Stratégie 4: Ciblage contextuel
Le ciblage contextuel ne se concentre pas sur les utilisatrices et les utilisateurs individuels et leurs modèles de comportement, mais sur le contenu des pages web consultées. Les technologies modernes analysent à cet effet le contexte afin de placer des annonces publicitaires de manière ciblée dans un environnement thématiquement adapté. Le ciblage contextuel est possible aussi bien sur les portails médias et spécialisés que sur les médias sociaux comme TikTok ou Instagram. Par exemple, la publicité pour un voyage à forfait de Bea et Beni dans la région concernée peut apparaître à côté du contenu sur les destinations de voyage. Cette approche est efficace, car les annonces sont visibles au moment précis où les personnes ciblées s’intéressent au sujet en question. Cela augmente également l’acceptation de la publicité. Autre avantage: les clientes et clients potentiels peuvent être contactés plus tôt dans leur customer journey. En effet, alors que les approches basées sur les cookies s’intéressent à des profils d’utilisateurs connus, le ciblage contextuel atteint des personnes qui collectent leurs premières informations sur un sujet.
Avantages:
- Meilleure acceptation de la publicité au bon moment et pertinence thématique
- Démarchage rapide des personne intéressées
- Garantie complète de la protection des données
- Positif pour la diversité des médias: les portails et blogs spécialisés deviennent plus intéressants pour la publicité payante
Inconvénient:
- Une personnalisation moins précise que dans d’autres stratégies
En conclusion, voici ce que les entreprises devraient faire dès maintenant
L’ère post-cookies entraîne un changement de paradigme: les entreprises publicitaires doivent abandonner l’idée de pouvoir tout suivre dans le marketing à l’avenir. Mais d’autres méthodes et technologies leur permettent de garder une personnalisation suffisamment forte pour faire de la publicité de manière efficace tout en respectant la protection des données.

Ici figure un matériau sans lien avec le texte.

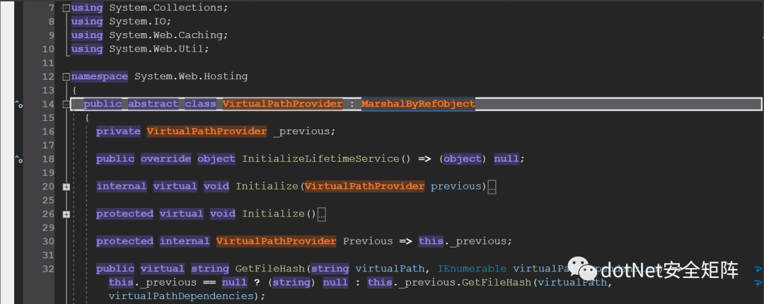 首先来看VirtualPathProvider类,此类中定义了的FileExists、GetFile等方法非常有用,笔者也是重写这两个方法达成虚拟WebShell,先不谈继续往下看此类被定义在 System.Web.Hosting 命名空间里使 Web 应用程序可以从虚拟文件系统中检索注册的资源,该类位于System.Web.dll文件,自身是一个抽象类继承于父类MarshalByRefObject,因为是抽象类不能直接被实例化所以笔者需要自定义一个类去实现它。VirtualPathProvider.FileExists()表示文件是否存在于虚拟文件系统中告诉系统是否存在请求路径,如果存在则事件通知继续调用 GetFile 方法,VirtualPathProvider.GetFile() 表示从虚拟文件系统中获取一个虚拟文件,代码如下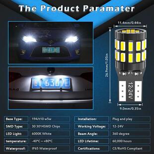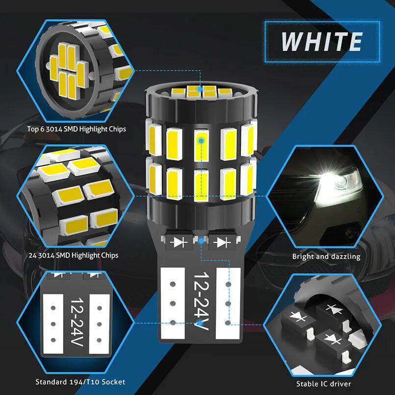 168 T10 bulb 2pcs 3014 Led 30SMD W5W Whi Canbus Error 194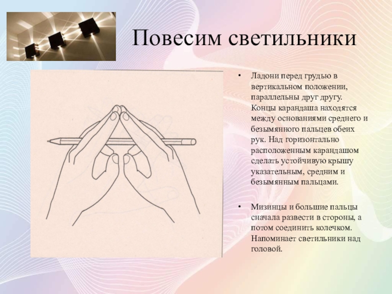 Мизинцы и большие пальцы сначала развести в стороны, а потом соединить колечком. Напоминает светильники над головой.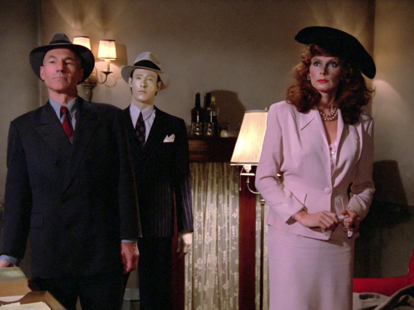 Picard is frazzled trying to learn a difficult greeting to open a relationship with an insect species, the Jarada. Troy suggests he takes break in the Holodeck. Accompanied by Crusher, Data, and a 20th Century expert Weyland, Picard assumes the persona of Dixon Hill Private Eye, San Francisco, 1941.![]()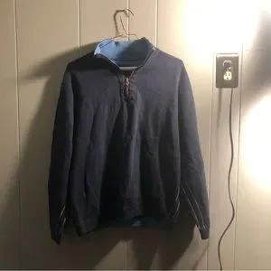 Navy blue sweatshirt not sure but believe it’s a size medium. Izod brand.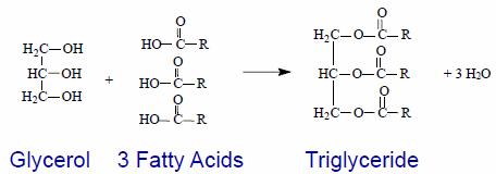 Телесните мазнини, както вече споменах, са главно складирани триглицериди (тъй като, както вече знаете, мастните клетки са изградени от около 90% триглицериди). Искам да отбележа, че мазнините, които приемате от храната, също са под формата на триглицериди. Химично погледнато, триглицеридите са съставени от глицерол (захарид) прикрепед към веригите на три свободни мастни киселини. Химичната структура на веригата на мастната киселина е това, което хората имат предвид, когато говорят за видовете мазнини – наситени, ненаситени и полиненаситени мазнини. Има се предвид структурата на определената верига на мастната киселина ( всеки триглицерид може да съдържа смес от наситени,ненаситени и полиненаситени мастно-киселинни вериги).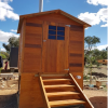 The CEDAR Outhouse range is manufactured in Australia and is constructed of 42 x 35mm treated pine framing (H3-LOSP Treatment) and 18mm thick Canadian Western Red Cedar VJ cladding. It has a Colorbond steel roof. The Quadrant 6×6 Outhouse is supplied in an easy to assemble kit with pre-made panels. The panels come in raw timber (not stained or painted) allowing you to select the finish of your choice. The unit can be sited on a concrete base or paved area, or a flooring kit can be used.
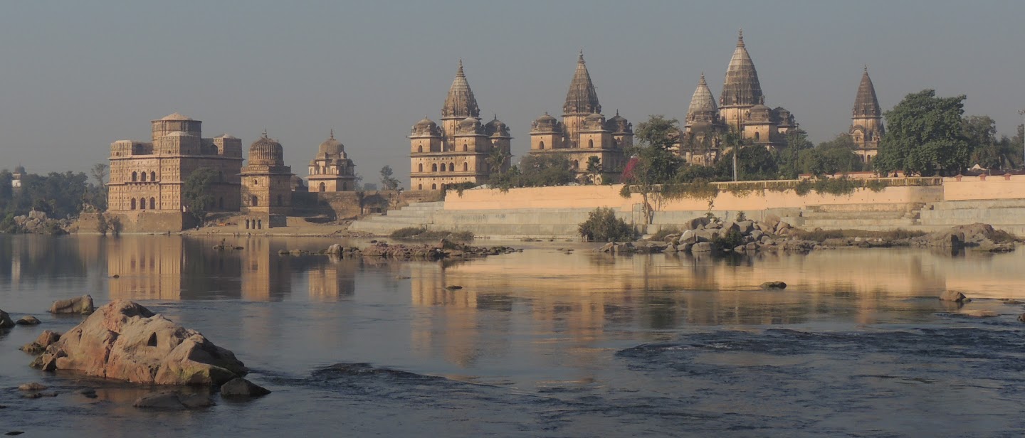 | Morning view of the cenotaphs and the Betwa river |

La stratégie qui convient le mieux à une entreprise, ou la combinaison de ces stratégies, dépend de sa situation de départ. C’est pourquoi Buster Grunau d’e-dialog recommande aux annonceurs publicitaires de commencer par une analyse: «Évaluez dans quelle mesure votre entreprise est affectée par l’arrêt des cookies et, par conséquent, l’ampleur des changements à apporter à votre publicité pour continuer à atteindre vos objectifs. Après cette analyse, testez différentes approches pour trouver celle qui vous convient.»